Шесть листов — в них графическое повествование о причинах восстания, его кульминации и краха. Шесть композиций, для названия каждой одно слово: «Нужда», «Голод», «Совещание», «Поход», «Штурм», «Конец».
В Берлине быстрее пришла зрелость. В двадцать шесть лет Кольвиц научилась обобщать наблюдения.
Она хотела сделать все сюжеты в офортах. Сохранились оттиски с этих попыток. Между одной и другой графической мыслью прошли месяцы.

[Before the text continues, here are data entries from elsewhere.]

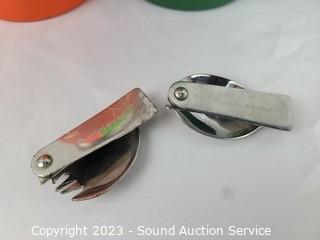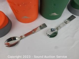 Lot Details: Each comes with spoon that folds into the lid, cap doubles as a bowl. both have some tape residue.
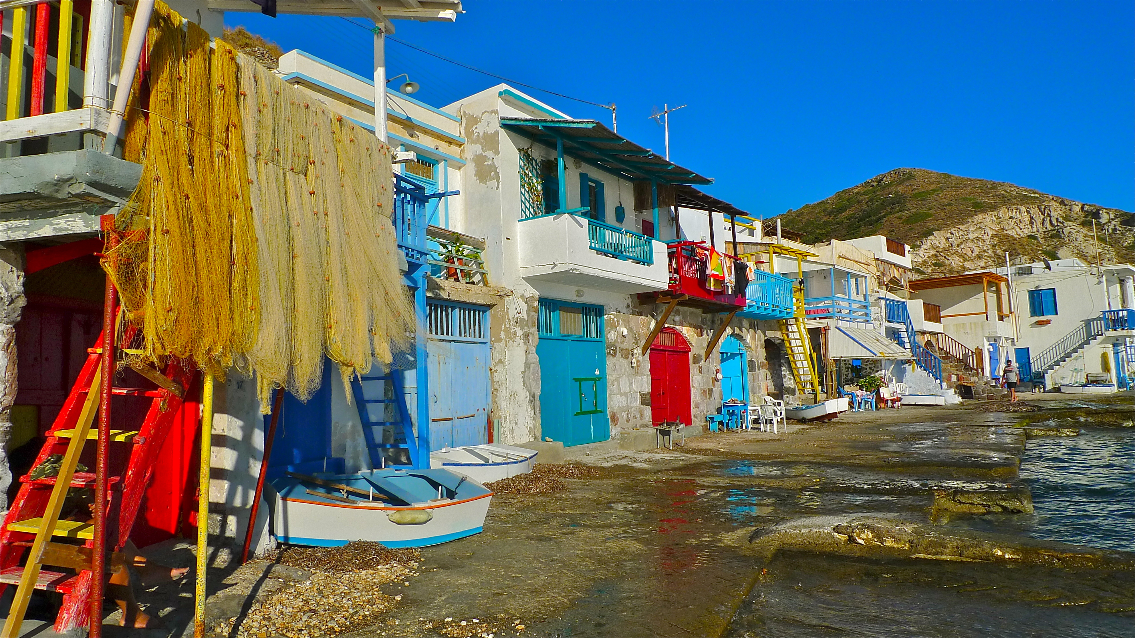 This is a traditional fishing village with very few inhabitants and multi-coloured two-storeyed houses in the natural concavities of the rocks. The family lived on the first floor while on the ground floor, known as "syrmata", the fishermen kept their boats. Nowadays, the majority of "syrmata" are for rent.
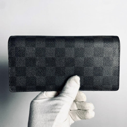 Louis Vuitton LV Brazza Damier Graphite Monogram Logo Long Bifold Flap Wallet
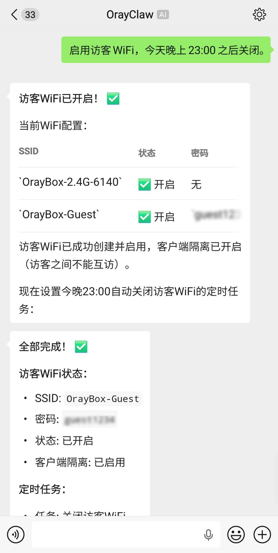 传统方式下,这类操作往往需要登录后台,手动创建访客网络,再设置名称、密码和关闭时间;而现在,只要说一句:"启用访客WiFi,今天晚上23:00之后关闭。"OrayClaw就可以自动完成访客网络创建,并设置好定时任务,在约定时间后自动关闭。
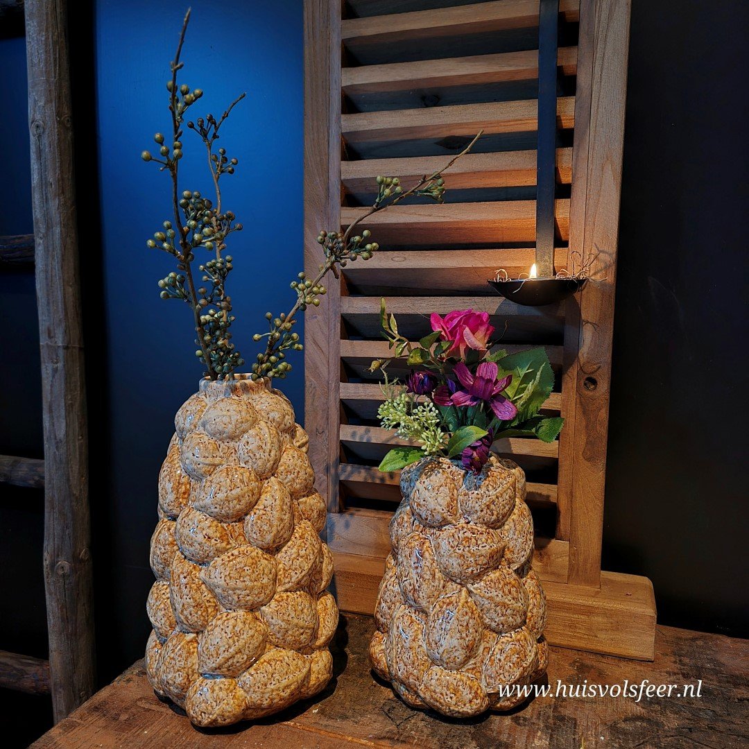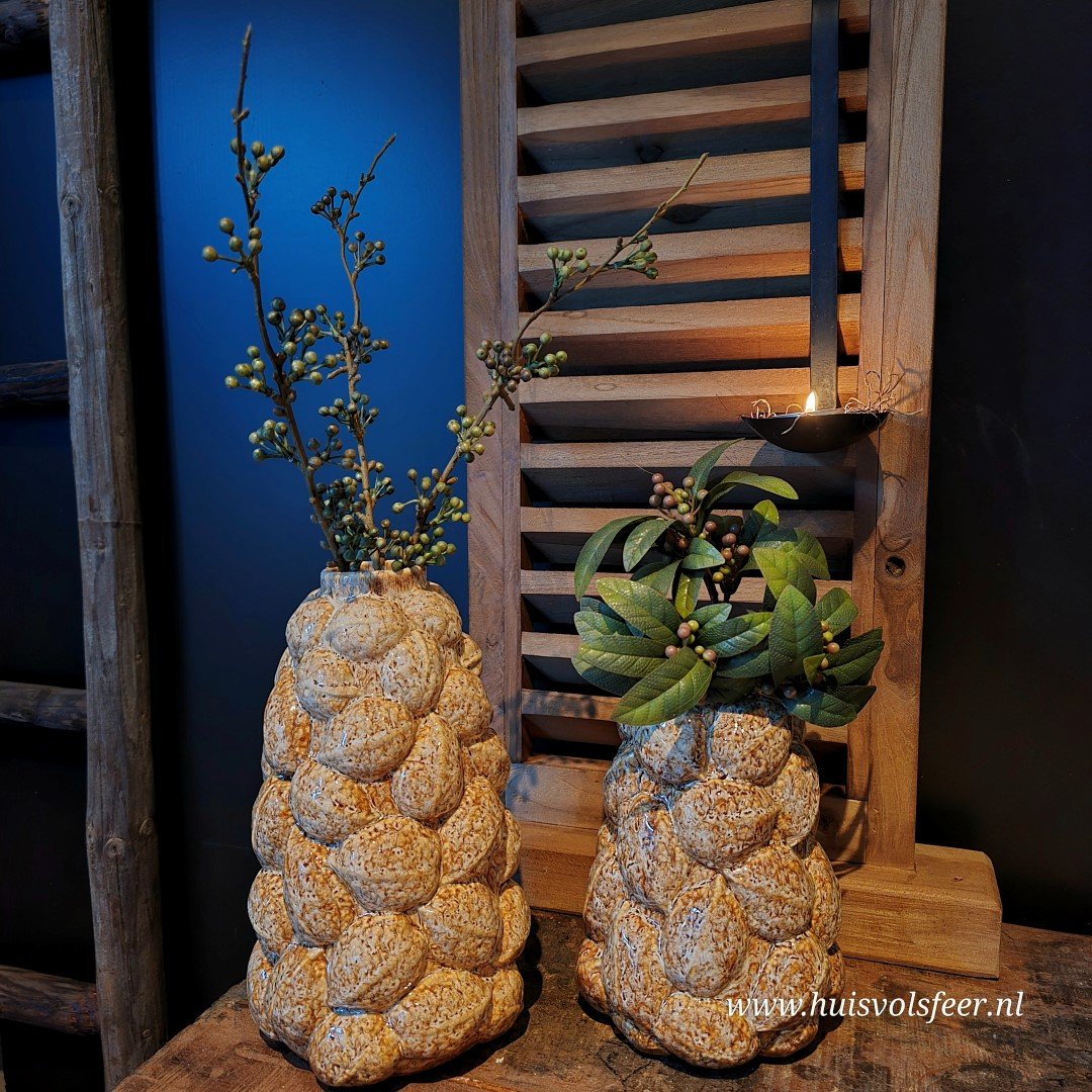 De vaas is volledig gemaakt van porselein, met een verfijnde afwerking van walnootvormige details die rondom de vaas zijn aangebracht. Het unieke ontwerp creëert een opvallende textuur en een warme, natuurlijke uitstraling.

Но ни один из оттисков нельзя признать готовым. Несмотря на то, что она не расставалась с гравировальной иглой и научилась управлять секретами травления, ей еще недоставало технических навыков.
От офорта пока пришлось отказаться. Первые три темы серии Кольвиц осуществила в литографии.
Гладкий песчаник, на котором можно просто рисовать жирным литографским карандашом, пока был более послушным под руками молодой художницы.
Вот перед нами первая литография серии. Она не нуждается ни в какой подписи. В черной мгле лачуги едва различим силуэт ткацкого станка — источника жизни и виновника смерти.
Изможденная женщина обхватила руками голову. Она исстрадалась, перед ней хрупкое тело ребенка с лицом старца.
Такие здесь дети, потому что они лакомятся лишь очистками в помойных ямах. Такие здесь женщины, потому что один кусок хлеба они делят между несколькими голодными ртами.
В заткнутое тряпкой оконце врывается мороз. И не отогреть матери замерзшего больного ребенка, не вернуть его к жизни.
Горе повисло в этой лачуге, застывшее горе бедняка.
Нежное сердце женщины и мужественное сердце борца слились в этом первом листе. Он вызывает содрогание и поныне через десятки лет. Он взывает к борьбе.
Когда вы взглянете в застывшие глаза ребенка, сидящего у стола, освещенного свечой, вы ощутите меру его недетского горя. Смерть пришла в комнату, смерть унесла жизнь матери. Впереди — неотвратимость сиротства.
В трех последующих листах — народный гнев. Пучок света вырывает лица сомкнувшихся в едином порыве рабочих. Стремление к действию, план протеста читается в этих сосредоточенных на одной мысли лицах.
Здесь штаб восстания, его вожаки.
По улицам уже бредут ткачи с мотыгами, кольями, изможденные, но решительные, не зная, зачем они идут, но понимая, что дальше так жить нельзя. Одним еще кажется, кого-то можно убедить, кто-то еще отзовется на их общий клич.
Других ведет слепая ненависть: пусть знают богачи, что любому терпению приходит конец. В походе ткачей участвует и женщина, на спине у нее уснул ребенок. Она бредет со всеми, чтобы призвать к ответу виновников ее мук.
У барского особняка собрались ткачи. Разворочена мостовая, и женщина, собирая камни в фартуке, передает их мужчинам. Летят булыжники в окна барского дома, бьются стекла, и поддаются чугунные тяжелые ворота.
Вспомнились Кэте Кольвиц юношеские мечты о баррикадах на улицах восставшего города, и она сама подносит патроны бойцам.